Yesterday the Obama administration took important steps toward open government.

The first one was the announcement of how the citizen engagement process in policy-making will work.

As explained on the White House Open Government Blog:

“…Beginning today, we will have a brainstorming session for suggesting ideas for the open government recommendations. You can vote on suggested ideas or add your own.
Then on June 3rd, the most compelling ideas from the brainstorming will be fleshed out on a weblog in a discussion phase. On June 15th, we will invite you to use a wiki to draft recommendations in collaborative fashion.
These three phases will build upon one another and inform the crafting of recommendations on open government.”

While the current experiment is limited to the definition of open government itself (a topic that may not attract the general public as much as the administration thinks), it will be anyhow a good testbed to see whether the process works.

It is very possible that the effective White House media machine will be able to attract enough people to make this and future consultations and participatory policy drafting a success.

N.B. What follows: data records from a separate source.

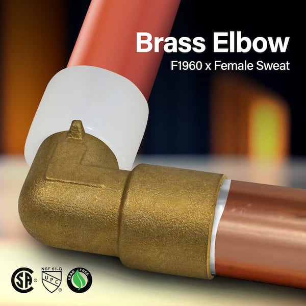 1/2 in. x 3/4 in. Pex A x Female Sweat Expansion Pex Elbow, Lead Free Brass 90° for Use in Pex A-Tubing
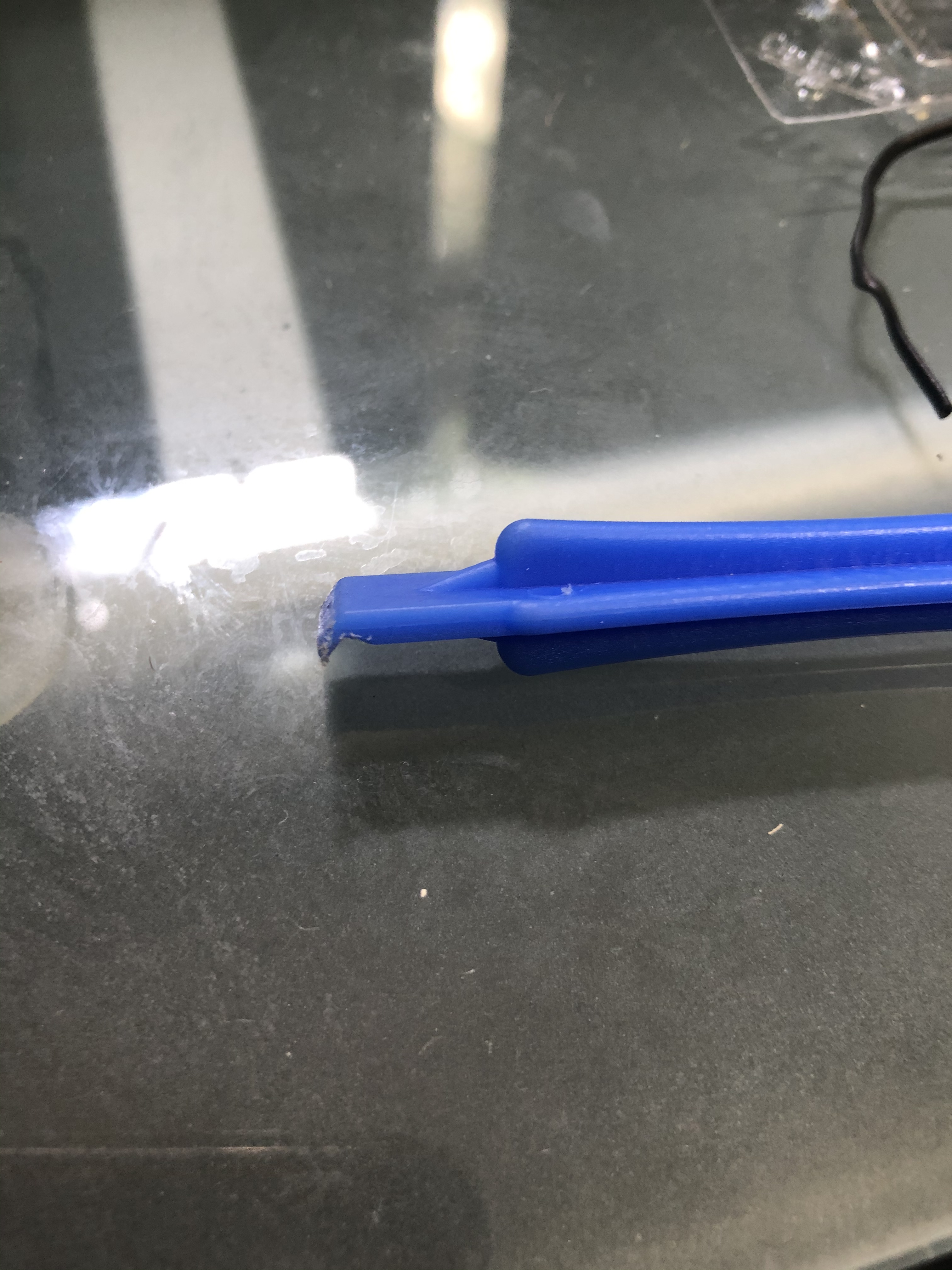 Once you get it off, the most difficult part is getting the mirror itself apart. There are no screws holding it together, just plastic snaps all around the edges. You will need a plastic opening tool or a small plastic prybar (I used one that came in an iPhone battery replacement kit, you can get a similar kit
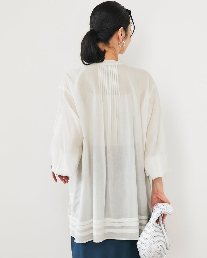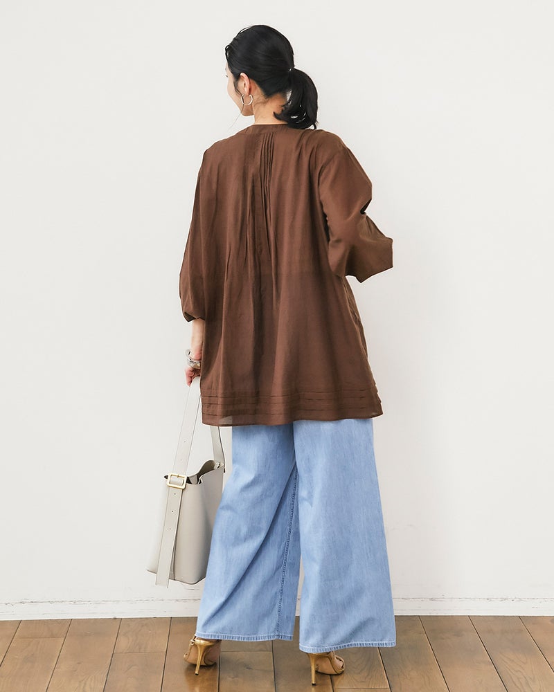 コットンボイル・ピンタックロングブラウス
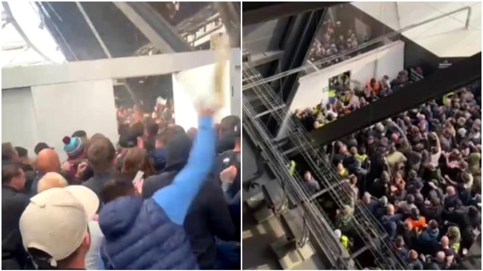 Στα βίντεο που δημοσιοποίησε η «Daily Mail» καταγράφεται η σκηνή της έντασης ανάμεσα στους οπαδούς των δυο ομάδων του Λονδίνου. Το προσωπικό ασφαλείας προσπάθησε να διαχωρίσει τις δυο ομάδες των οπαδών, όμως οι εμπλεκόμενοι γρονθοκοπούσαν ο ένας τον άλλον, ενώ πετούσαν και πλαστικά ποτήρια με μπύρα.
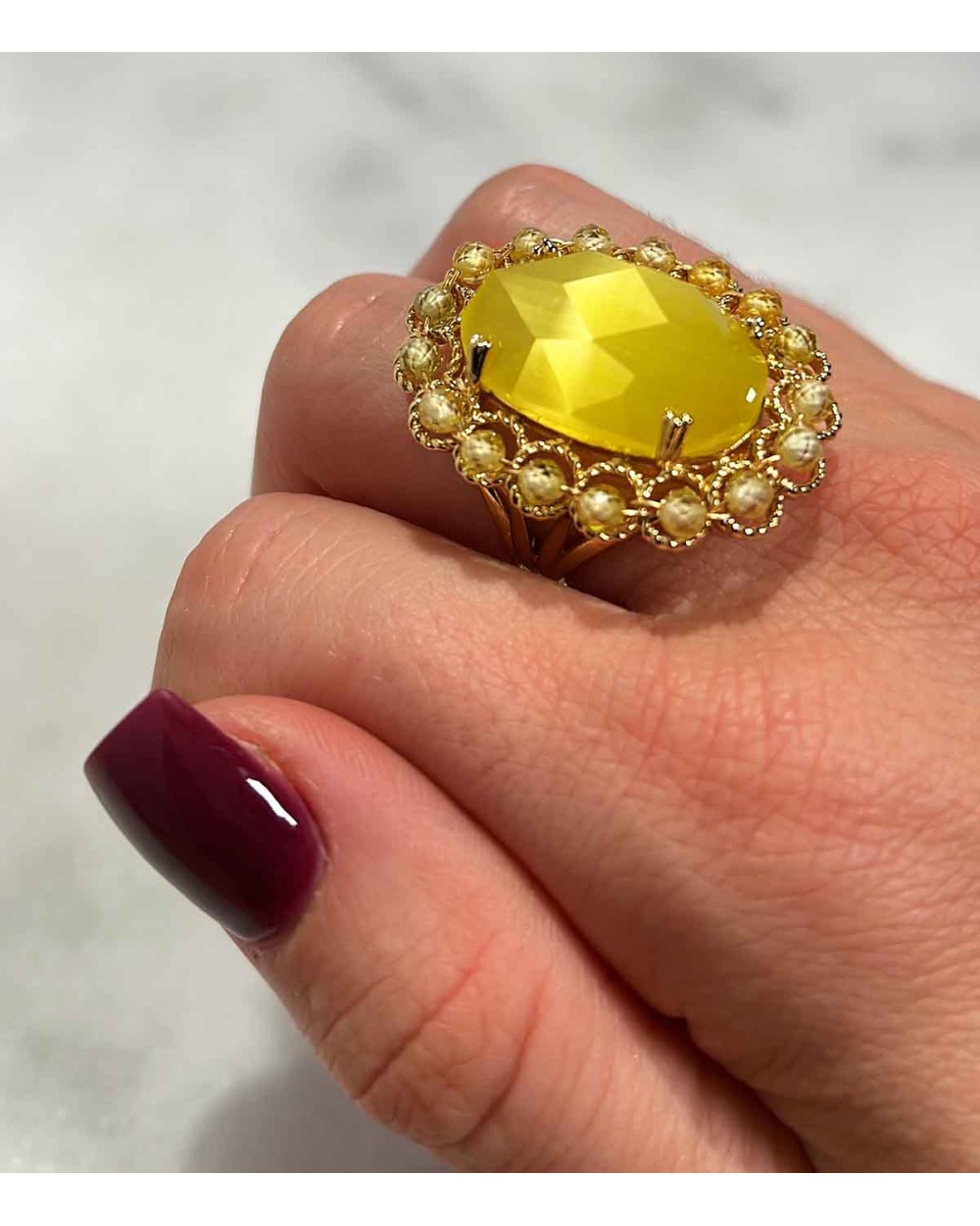 Bague ajustable Oeil de Chat en pierres naturelles et laiton 14K de haute qualité
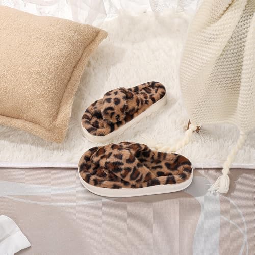 Fuzzy Open Toe House Slippers for Women, Plush Leopard Cross Band Slides, Soft Plush Faux Fur Lining Bedroom Shoes, Non-Slip Winter Indoor Slippers 6
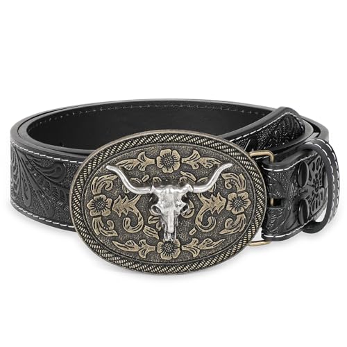 JasGood Western läder cowboy bälte för män kvinnor långhorn spänne cowgirl bälte blommig graverad präglad vintage unisex bälte för jeans, svart, 120cm: Fit Taille Größe 97cm-106cm
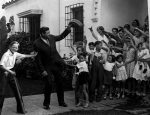 Babe Ruth receives royal welcome from children at the Marion Davies Clinic for children of World War veterans. Ruth plays in baseball games for charity to benefit the clinic, 1931
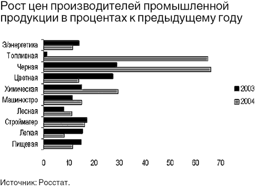 Очень любопытный пример в этом смысле - черная металлургия. Темпы прироста ее производства, прежде уступавшие разве что расширению нефтедобычи, в прошлом году, правда, немного снизились (до 5 процентов против 8,9 процента годом ранее), однако по росту стоимости экспорта (82,1 процента по результатам 11 месяцев 2004 года) этот сектор экономики уверенно опережает всех.
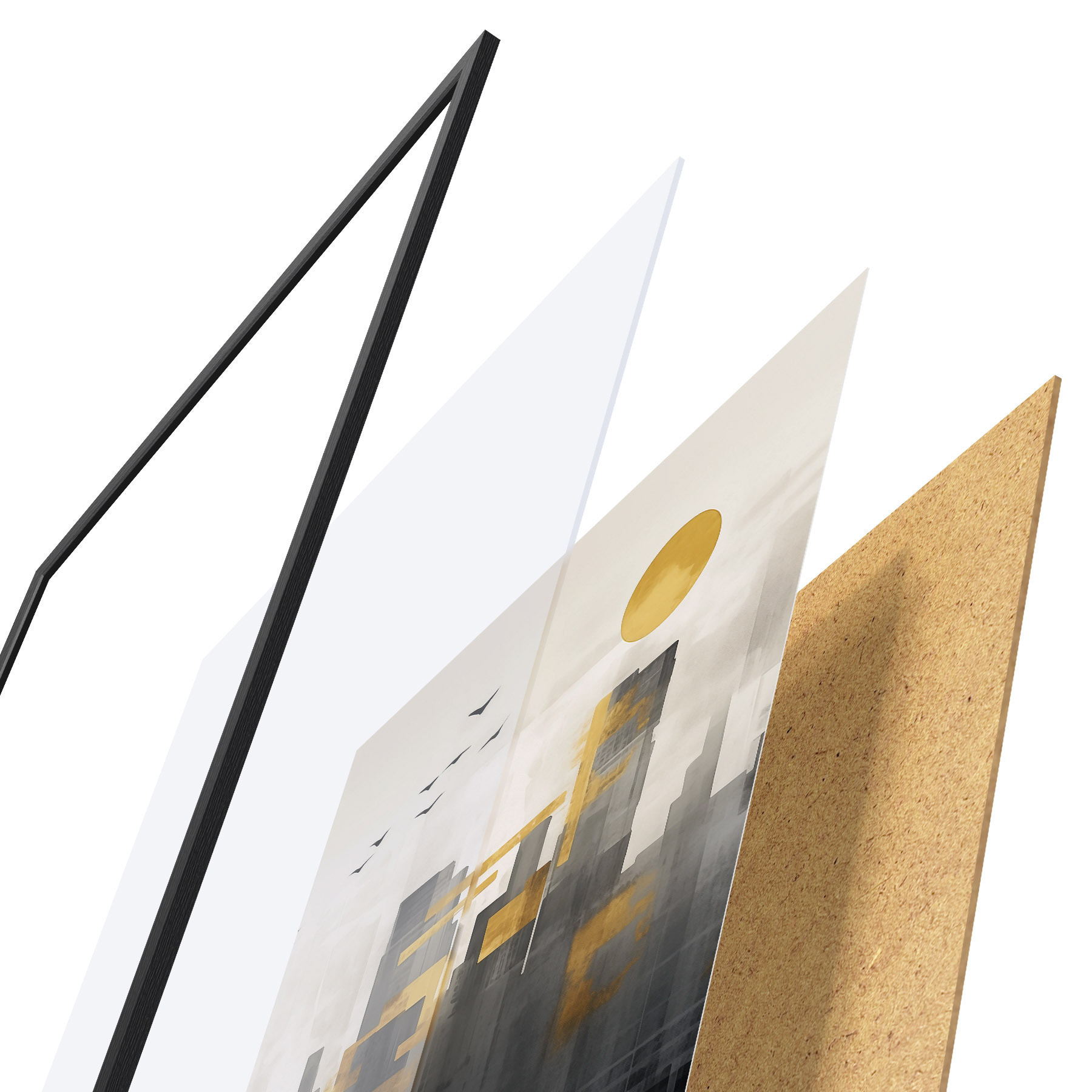 Il poster è composto da cornice, plexiglass, immagine stampata e supporto in truciolato. Il poster può essere immediatamente appeso alla parete grazie ai supporti sul retro.
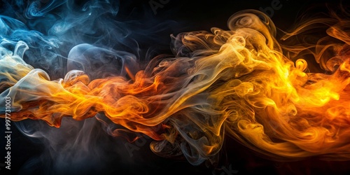 Ethereal Dance of Blue-Grey and Orange-Yellow Smoke Abstract Swirling Art on Black Background - Mystical Elegance for Home Decor, Graphic Design, and Artistic Expression
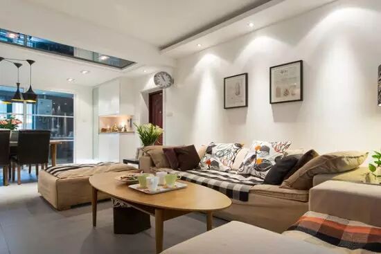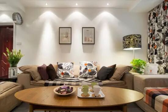 客厅展现了简洁爽朗的空间布局、明亮恬静的色彩搭配和舒适大方的家居格调。

My take on this, though, is that real participation and real transparency will not happen until when governments stop pulling people onto government turf (be it a Town Hall or a sexy web site), and start reaching out to them on their turf. In electronic terms, this means to join existing on-line communities, social networks, blogs and understand what are people’s pain points in certain areas, what makes them tick and be willing to engage.

The Obama administration’s steps in e-democracy, that many commentators celebrate as historical, may just create a different elite of e-participants and e-lobbyists. And not even so different, as one may notice by looking at which proposals are getting the best scores and where they come from.

One thing is to provide a better channel to people who have an interest in politics, and probably capture more of them.

Another thing is to engage people who are not interested in politics, but do feel strongly about certain issues and are ready to debate them with friends and colleagues as well as in their Facebook or LinkedIn or MySpace groups.

The intent of engaging people is very noble, but the execution is underwhelming. There is plenty of time for improvement, of course. Otherwise all these fancy web sites will suffer from the same problem as most government web sites do: people just don’t care.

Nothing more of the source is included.